Nothing seems to bother Trump as much as losing the popular vote, and the effect that fact has on his perceived legitimacy as president. Trump repeated lies all week about the "illegal" votes that he says gave Hillary Clinton her 2.8 million vote advantage. While his comments certainly hint at a forthcoming attack on voting rights, they also scapegoat undocumented immigrants to assuage his voters' anxieties. To that end, Trump jump-started efforts to fund his ridiculous border wall this week, ordered sanctuary cities not to shield undocumented immigrants from removal, and blocked all refugees for 120 days and citizens from seven majority-Muslim countries for 90 days. Trump also dropped something fresh and especially despicable: an executive order calling for the Department of Homeland Security to publish a weekly list of crimes committed by undocumented immigrants. The Nazis did something similar, keeping files on "crimes committed by Jews" to stoke people's prejudice and fear. That Trump would risk those parallels to reinforce white exceptionalism indicates how much he plans to rely upon it as president.
What does that mean? Well, it's something Jackson, Trump's apparent role model, embodied in his own actions. In his 1830 remarks to Congress justifying his policy of "Indian removal" — which would lead to the Trail of Tears eight years later, killing thousands — Jackson argued that the Cherokee and other tribes should be thankful that they were being removed from their home to make room for the white settlers who looted their possessions and killed their tribesmen. "And is it supposed that the wandering savage has a stronger attachment to his home than the settled, civilized Christian?" he said, adding, "Rightly considered, the policy of the General Government toward the red man is not only liberal, but generous." It's very clear whose lives mattered in 1830, and, still, today.

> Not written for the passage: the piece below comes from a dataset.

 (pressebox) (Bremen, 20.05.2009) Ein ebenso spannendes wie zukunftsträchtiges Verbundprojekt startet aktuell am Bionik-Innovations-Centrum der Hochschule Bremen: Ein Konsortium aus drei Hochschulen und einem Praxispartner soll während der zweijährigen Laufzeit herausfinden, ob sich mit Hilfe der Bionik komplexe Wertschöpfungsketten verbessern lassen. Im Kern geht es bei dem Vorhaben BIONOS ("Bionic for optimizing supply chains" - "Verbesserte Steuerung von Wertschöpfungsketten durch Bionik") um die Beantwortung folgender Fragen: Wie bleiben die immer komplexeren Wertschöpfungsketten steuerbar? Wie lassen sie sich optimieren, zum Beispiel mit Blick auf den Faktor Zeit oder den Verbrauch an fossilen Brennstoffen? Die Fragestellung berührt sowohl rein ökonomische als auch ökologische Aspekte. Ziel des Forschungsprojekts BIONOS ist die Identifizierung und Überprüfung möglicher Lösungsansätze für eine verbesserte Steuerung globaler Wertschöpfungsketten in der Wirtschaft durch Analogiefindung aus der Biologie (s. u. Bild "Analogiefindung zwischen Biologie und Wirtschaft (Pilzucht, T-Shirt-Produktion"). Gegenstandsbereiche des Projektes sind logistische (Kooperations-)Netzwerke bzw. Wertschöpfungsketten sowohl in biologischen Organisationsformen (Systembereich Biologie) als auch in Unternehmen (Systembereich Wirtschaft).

In this sense, Trump most emulated Jackson when he attempted to reboot efforts to construct both the Keystone and the Dakota Access pipelines — two environmentally reckless projects that Obama either stalled or outright blocked after sustained citizen protests. There are few more imperial actions the U.S. government can take than the seizure of Native American tribal land, and Dakota Access, in whose parent company Trump was once invested, specifically threatens the Standing Rock Sioux's water supply and burial grounds. They have every right to be concerned. Trump signed his executive order a day after a pipeline in Canada spilled more than 52,000 gallons of oil onto aboriginal lands.

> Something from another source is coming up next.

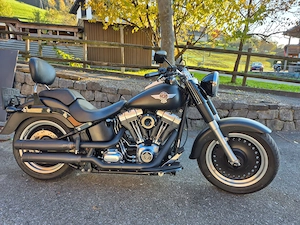 Verkaufe meine Harley Davidson Fat Boy spezial in schwarz matt. Zusätzliche eingetragene Features: Remus Auspuff - Original Auspuff vorhanden - Luftfilter Umbau Original vorhanden - dunkle Rückleuchte montiert - Original vorhanden - dunkle Blinker - kleine und große Satteltasche - Sissybar - Abdeckpad ...

The pipeline news may have been a bit lost amid Trump's varied insanities last week, but it sent a clear message: You don't own this land, even if you and your ancestors hold it. Our new president will decide whether you have a birthright to equal American citizenship, or even rights to your own body. Louder than it has in decades, the White House is telling us to make even more room for the white man. After all, he thinks he is the one who has been forgotten.